As we read the book of Mark, we need the Spirit of God to reveal to us the unique message He wants to bring us.

Mark 1:1-4

LESSON

As we look at the Book of Mark, we need the Spirit of God to reveal to us the unique message He wants to bring us. Throughout their lives, God prepared each of the four gospel writers for the task of creating a particular portrait of Christ. The portrait of Christ we see in Mark was written by a menial servant. In Acts 12:25, it says that, “Barnabas and Saul [Paul] returned from Jerusalem ... bringing with them John whose other name was Mark.” In chapter 13 verse 5, it says that, “they had also John [with them] to minister” (KJV). This is the man who later wrote this gospel.

This word "minister" is very interesting. It is used to translate five different Greek words. The word angelos, or angel, is once or twice translated “minister.” The word apostolos, our word apostle, is also translated “minister.” The word diaconos, which has given us the word deacon, can be translated “minister,” as can a fourth word that is a form of the Greek word that has given us liturgy—it refers to someone who is ministering at spiritual things.

The fifth word that is translated “minister” is the one that is used to refer to Mark. It is the lowest of all ranks. The word is huperates, which means an “under–rower.” The Greeks didn’t have steamships; their boats were powered by oarsmen. The lowest rank of slave was positioned in the most difficult spot on the boat and had to do his rowing with a short, unwieldy oar. This is the social rank ascribed to Mark, that of the common workhand, the subordinate, the menial laborer.

Now, a servant doesn’t look at things the same way other men do.

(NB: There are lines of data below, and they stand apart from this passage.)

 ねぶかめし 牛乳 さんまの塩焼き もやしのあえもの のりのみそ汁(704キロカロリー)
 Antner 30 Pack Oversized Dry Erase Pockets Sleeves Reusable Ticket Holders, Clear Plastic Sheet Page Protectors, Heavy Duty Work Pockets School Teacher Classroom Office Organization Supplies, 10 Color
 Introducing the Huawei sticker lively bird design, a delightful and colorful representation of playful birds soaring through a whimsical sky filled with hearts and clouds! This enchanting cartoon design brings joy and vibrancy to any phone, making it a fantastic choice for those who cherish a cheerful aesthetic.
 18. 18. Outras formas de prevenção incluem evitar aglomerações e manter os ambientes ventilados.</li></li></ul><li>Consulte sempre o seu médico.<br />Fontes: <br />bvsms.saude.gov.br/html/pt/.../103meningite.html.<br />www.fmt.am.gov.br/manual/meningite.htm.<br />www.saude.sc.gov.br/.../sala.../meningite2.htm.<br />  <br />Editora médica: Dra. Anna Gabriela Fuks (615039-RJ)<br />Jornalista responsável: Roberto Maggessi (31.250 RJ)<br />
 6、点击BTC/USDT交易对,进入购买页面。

As Mark looks at our Saviour, we shall certainly learn how we may serve Him better, for we shall see that God has put us here for that purpose. We shall also learn about our service by looking at the Servant Saviour, as Mark reveals to us the gospel, or good news, of our Lord Jesus Christ.

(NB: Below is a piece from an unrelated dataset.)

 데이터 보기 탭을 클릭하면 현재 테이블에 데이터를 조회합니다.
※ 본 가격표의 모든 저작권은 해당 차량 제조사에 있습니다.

The central truth of Christianity is a record of historical fact. It is not a philosophy, it is not a system of morality, but it is history. It is the true good new for men and women. It is the story that our brother, for that is what He calls Himself, came and lived and died for us. This feeds our hearts and our minds and our wills; it fills our hopes and nourishes the whole nature into spiritual health. Of all the things that have ever been taught, this story is the only one that deserves the name good news.

STUDY QUESTIONS

  • In understanding the scriptures, is the uniqueness of the human author significant?
  • What social rank was ascribed to Mark? What does this tell us about Mark?